▸ **YOUR GOAL**: When you reach the line containing "This is a vintage", begin reproducing the material exactly, stop after the line containing "일본 에히메현 지도 위치와 여행 명소 본문", and leave out any pictures along the way.

RECORDS FOR THIS TASK: Begin

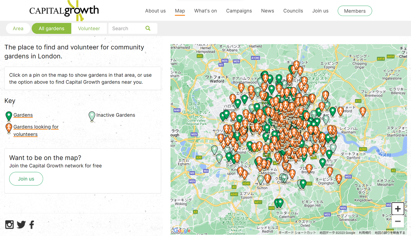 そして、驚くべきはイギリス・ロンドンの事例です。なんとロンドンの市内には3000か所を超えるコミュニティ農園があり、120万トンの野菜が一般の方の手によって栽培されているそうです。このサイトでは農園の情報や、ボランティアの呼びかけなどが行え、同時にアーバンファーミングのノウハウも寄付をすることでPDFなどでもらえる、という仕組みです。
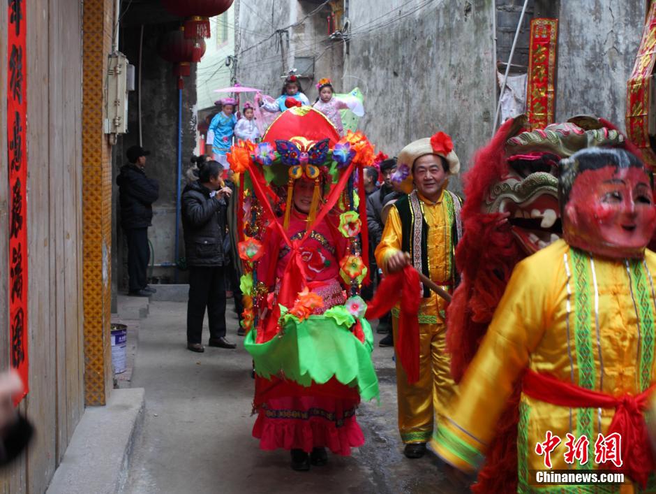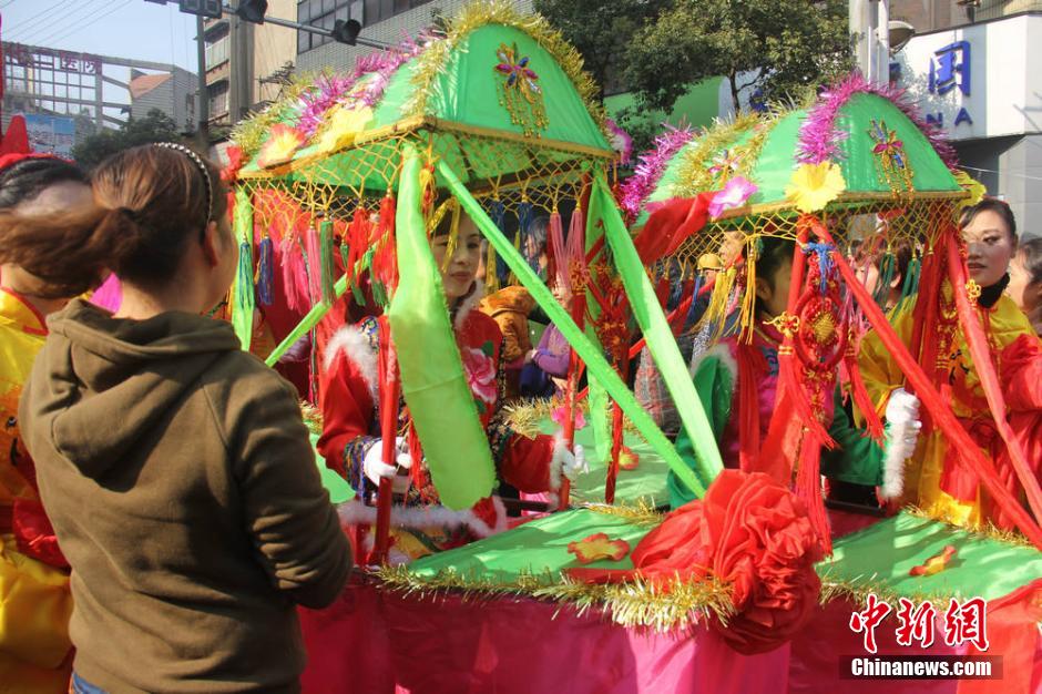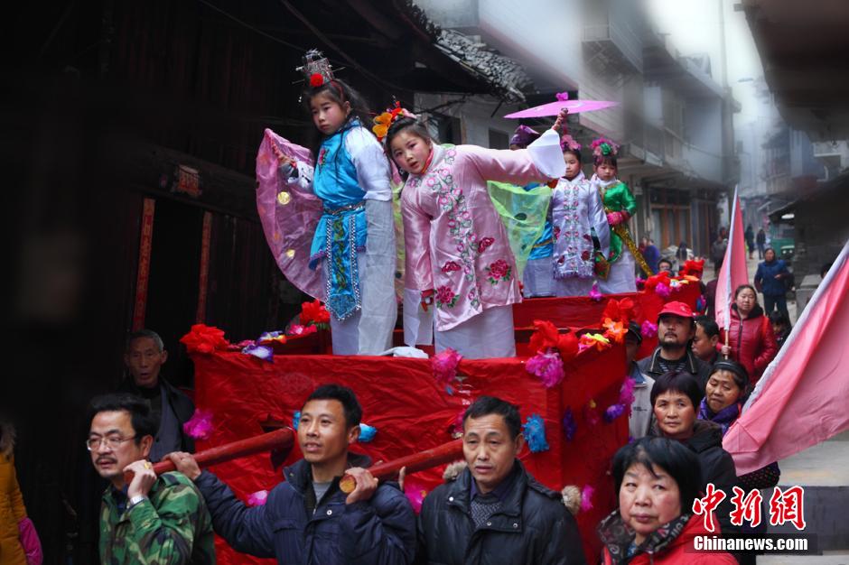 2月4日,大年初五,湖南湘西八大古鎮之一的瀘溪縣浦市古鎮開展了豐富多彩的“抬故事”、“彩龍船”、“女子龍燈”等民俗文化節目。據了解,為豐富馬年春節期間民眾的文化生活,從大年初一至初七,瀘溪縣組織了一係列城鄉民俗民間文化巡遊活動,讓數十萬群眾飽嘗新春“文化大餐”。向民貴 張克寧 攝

RECORDS FOR THIS TASK: End
RECORDS FOR THIS TASK: Begin

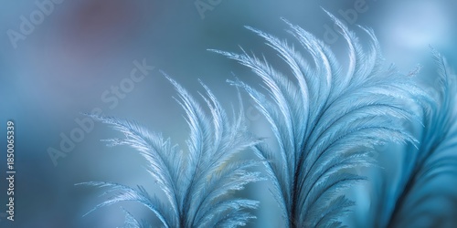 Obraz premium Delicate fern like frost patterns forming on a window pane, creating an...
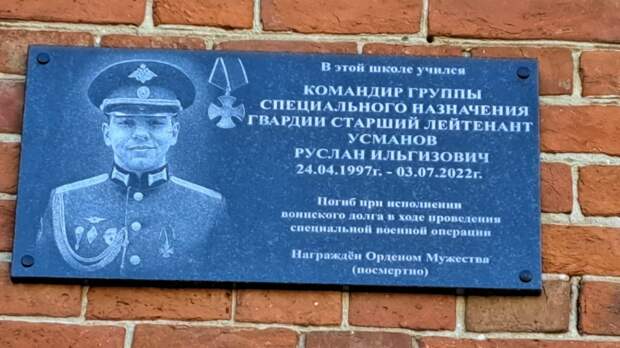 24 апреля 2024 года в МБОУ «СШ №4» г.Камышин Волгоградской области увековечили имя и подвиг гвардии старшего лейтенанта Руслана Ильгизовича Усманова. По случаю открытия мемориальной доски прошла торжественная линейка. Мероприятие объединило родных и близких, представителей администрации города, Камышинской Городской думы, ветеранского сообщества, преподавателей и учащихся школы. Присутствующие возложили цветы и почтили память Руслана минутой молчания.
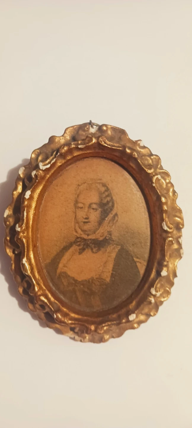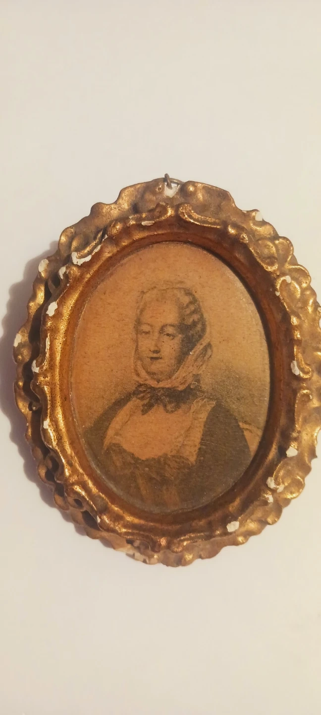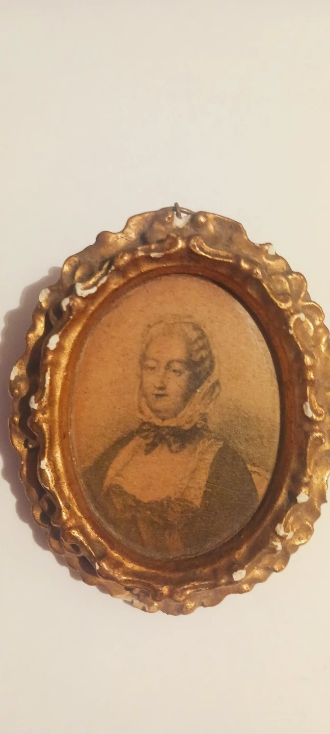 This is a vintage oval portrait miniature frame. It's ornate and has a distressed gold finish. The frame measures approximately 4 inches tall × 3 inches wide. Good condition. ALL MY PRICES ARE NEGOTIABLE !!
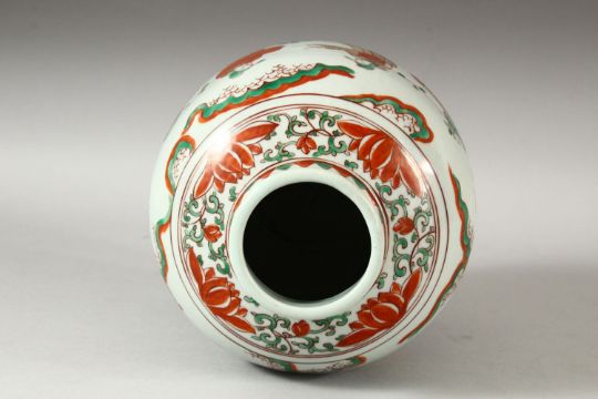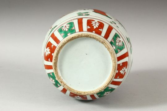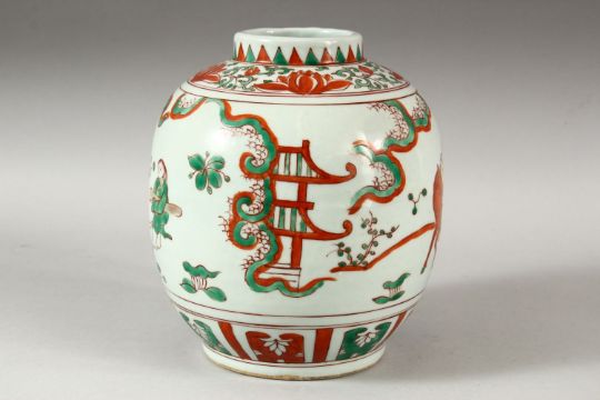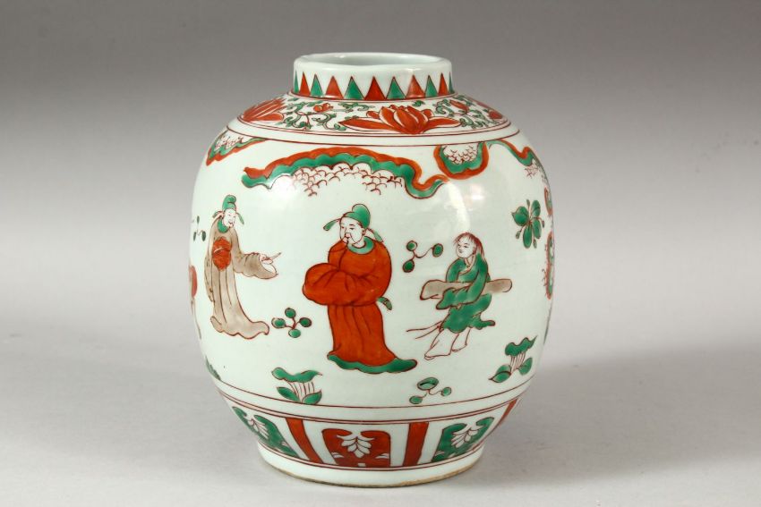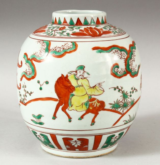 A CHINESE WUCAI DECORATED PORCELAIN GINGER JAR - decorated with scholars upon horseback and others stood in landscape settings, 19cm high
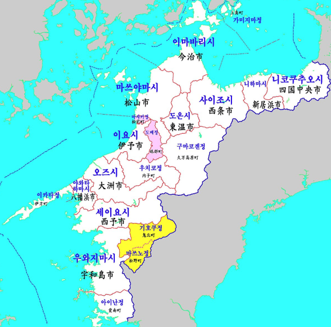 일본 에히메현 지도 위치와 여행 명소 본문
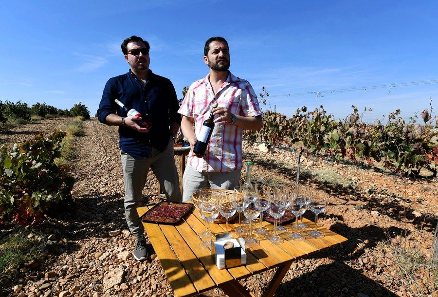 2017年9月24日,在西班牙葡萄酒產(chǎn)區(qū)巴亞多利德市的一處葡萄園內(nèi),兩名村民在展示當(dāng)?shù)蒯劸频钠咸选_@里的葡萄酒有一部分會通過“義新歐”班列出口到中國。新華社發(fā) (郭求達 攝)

RECORDS FOR THIS TASK: End

▸ **SOLUTION TO THE PROBLEM**:
 This is a vintage oval portrait miniature frame. It's ornate and has a distressed gold finish. The frame measures approximately 4 inches tall × 3 inches wide. Good condition. ALL MY PRICES ARE NEGOTIABLE !!
 A CHINESE WUCAI DECORATED PORCELAIN GINGER JAR - decorated with scholars upon horseback and others stood in landscape settings, 19cm high
 일본 에히메현 지도 위치와 여행 명소 본문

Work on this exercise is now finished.